Output all entries exactly; images excluded.

Dataset extract ->
-- Opening Marker --

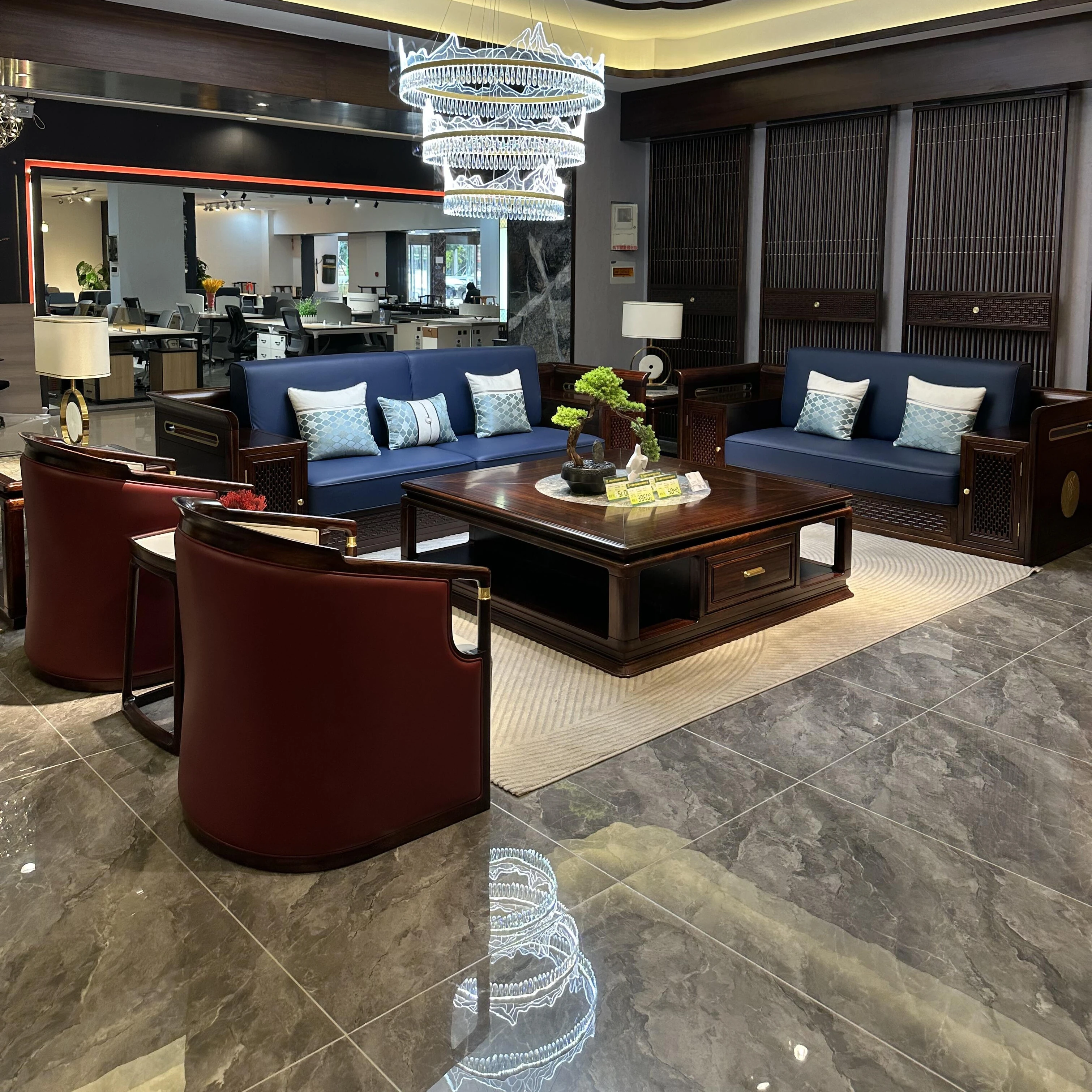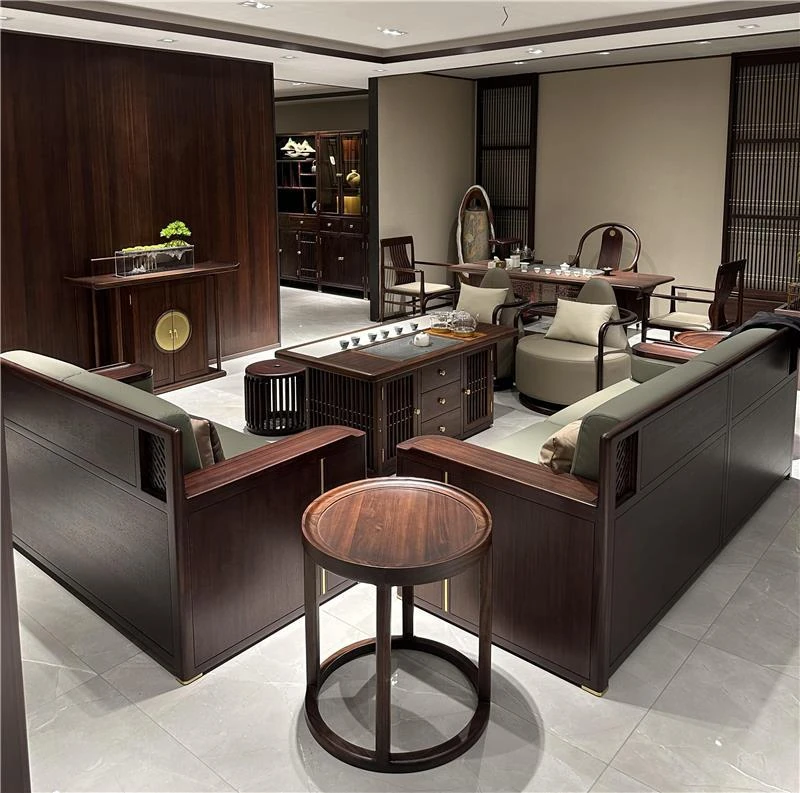 Luxury Villa Clubhouse Model Home - Modern Minimalist Bedroom with Solid Wood Sofa in New Chinese Style, Featuring Premium Black Wood Finish
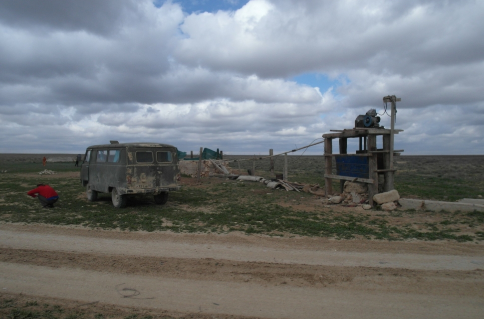 Порой тонкие полоски дорог на спутниковых снимках вдруг пересекаются в одной точке. Это значит, что там находится колодец. Колодцы все старые, сделаны кочевниками. Те обычно кочуют где-то неподалеку. Колодцы представляют собой шахты глубиной по 30-50 м, стены обложены камнями. Иногда механизм оборудован бензиновым мотором. Действует колодец так: длинная закольцованная брезентовая лента из брезента поднимает на себе влагу, влага счищается щеткой в желобок. Вода солоноватая – она там не результат дождей, а что-то типа полезного ископаемого.
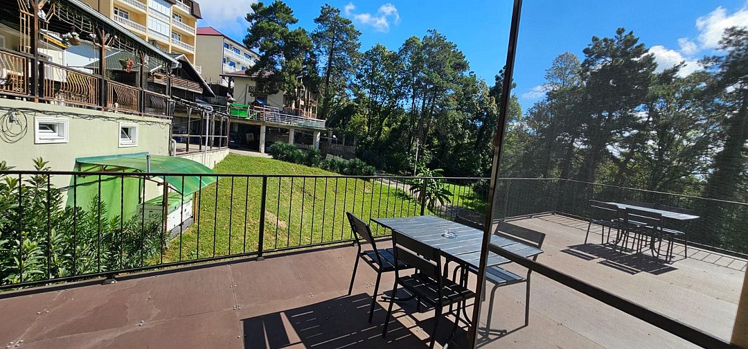 Трёхместный комфортный номер с видом на лес.
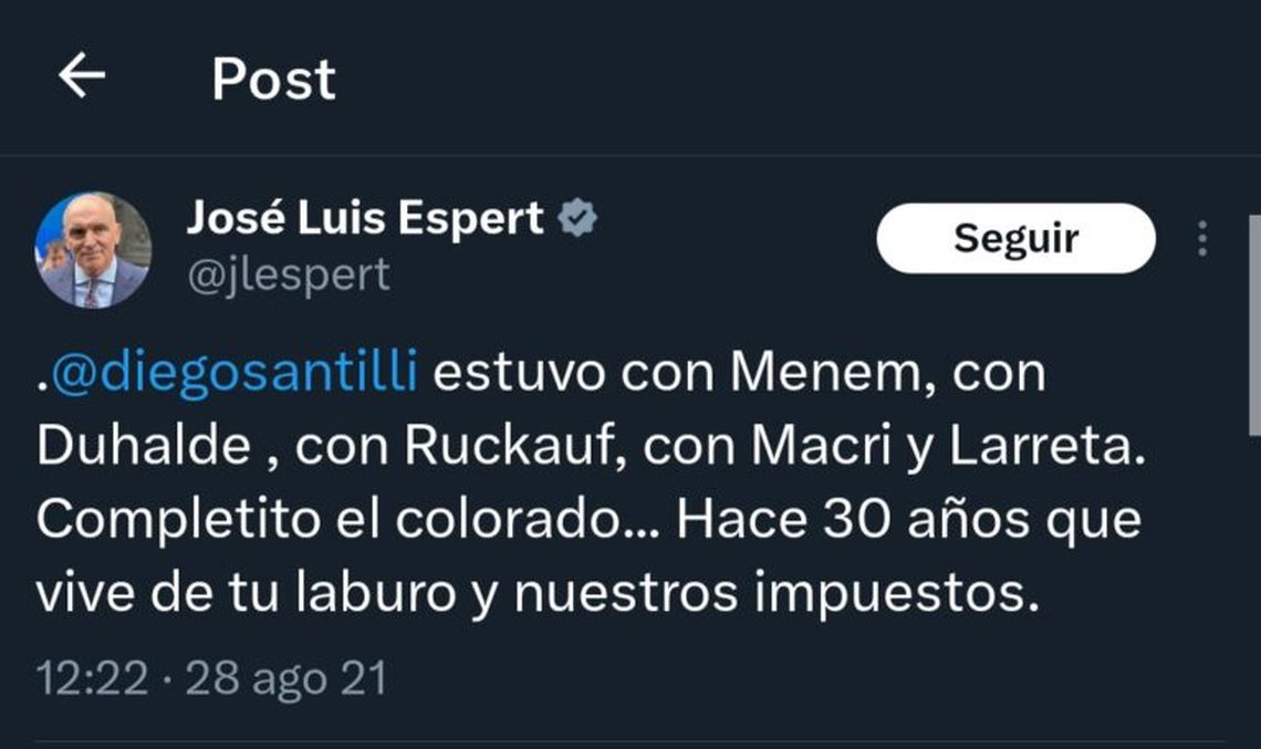 Por su parte, Espert también disparó contra Santilli en el pasado. En 2021, el ahora excandidato libertario, cuyo mandato (y fueros) terminan en diciembre, tuiteó: "Santilli estuvo con Menem, con Duhalde, con Ruckauf, con Macri y Larreta. Completito el colorado... Hace 30 años que vive de tu laburo y nuestros impuestos".
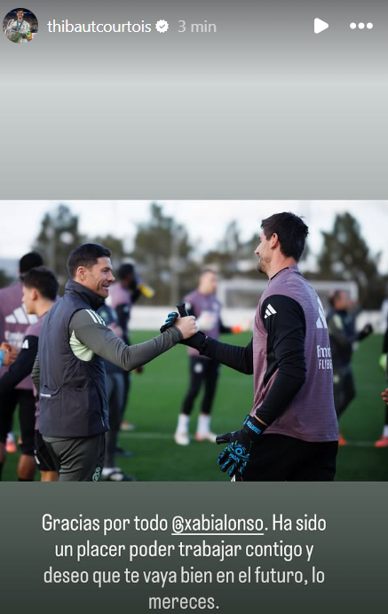 Courtois, uno de los fijos para Xabi Alonso y en el Real Madrid: "Gracias por todo Xabi. Ha sido un placer poder trabajar contigo y deseo que te vaya bien en el futuro, lo mereces".
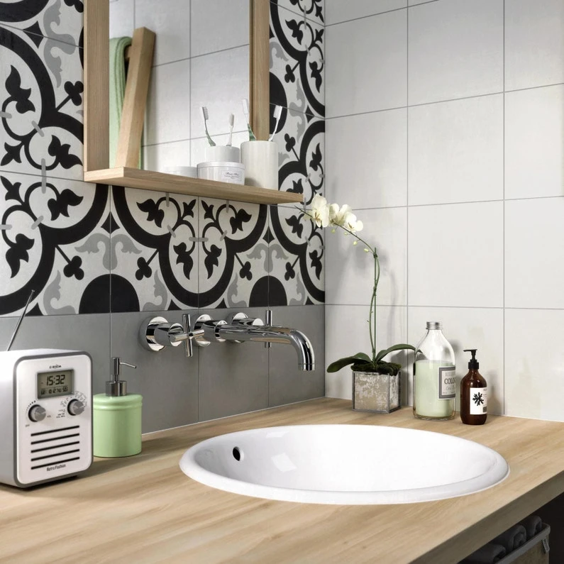 Carreau De Ciment Mur Uni Gris, Noir, Blanc Mat L.20 X L.20 Cm, Belle époque Suz
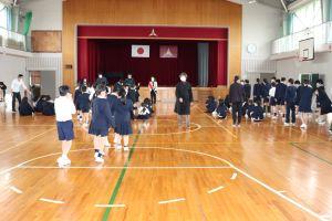 給食室から出火したとの想定で、体育館に避難しました。
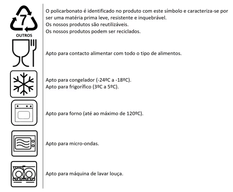 Convient au congélateur et au réfrigérateur, au four (jusqu'à 120ºC), au lave-vaisselle et au micro-ondes.
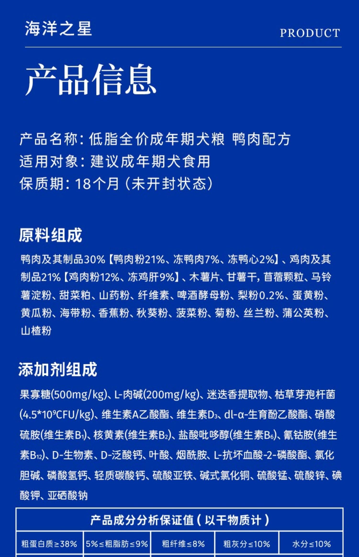 海洋之星 低脂体控鸭肉犬粮 10kg

-- Closing Marker --

Solution to the exercise ->
 Luxury Villa Clubhouse Model Home - Modern Minimalist Bedroom with Solid Wood Sofa in New Chinese Style, Featuring Premium Black Wood Finish
 Порой тонкие полоски дорог на спутниковых снимках вдруг пересекаются в одной точке. Это значит, что там находится колодец. Колодцы все старые, сделаны кочевниками. Те обычно кочуют где-то неподалеку. Колодцы представляют собой шахты глубиной по 30-50 м, стены обложены камнями. Иногда механизм оборудован бензиновым мотором. Действует колодец так: длинная закольцованная брезентовая лента из брезента поднимает на себе влагу, влага счищается щеткой в желобок. Вода солоноватая – она там не результат дождей, а что-то типа полезного ископаемого.
 Трёхместный комфортный номер с видом на лес.
 Por su parte, Espert también disparó contra Santilli en el pasado. En 2021, el ahora excandidato libertario, cuyo mandato (y fueros) terminan en diciembre, tuiteó: "Santilli estuvo con Menem, con Duhalde, con Ruckauf, con Macri y Larreta. Completito el colorado... Hace 30 años que vive de tu laburo y nuestros impuestos".
 Courtois, uno de los fijos para Xabi Alonso y en el Real Madrid: "Gracias por todo Xabi. Ha sido un placer poder trabajar contigo y deseo que te vaya bien en el futuro, lo mereces".
 Carreau De Ciment Mur Uni Gris, Noir, Blanc Mat L.20 X L.20 Cm, Belle époque Suz
 給食室から出火したとの想定で、体育館に避難しました。
 Convient au congélateur et au réfrigérateur, au four (jusqu'à 120ºC), au lave-vaisselle et au micro-ondes.
 海洋之星 低脂体控鸭肉犬粮 10kg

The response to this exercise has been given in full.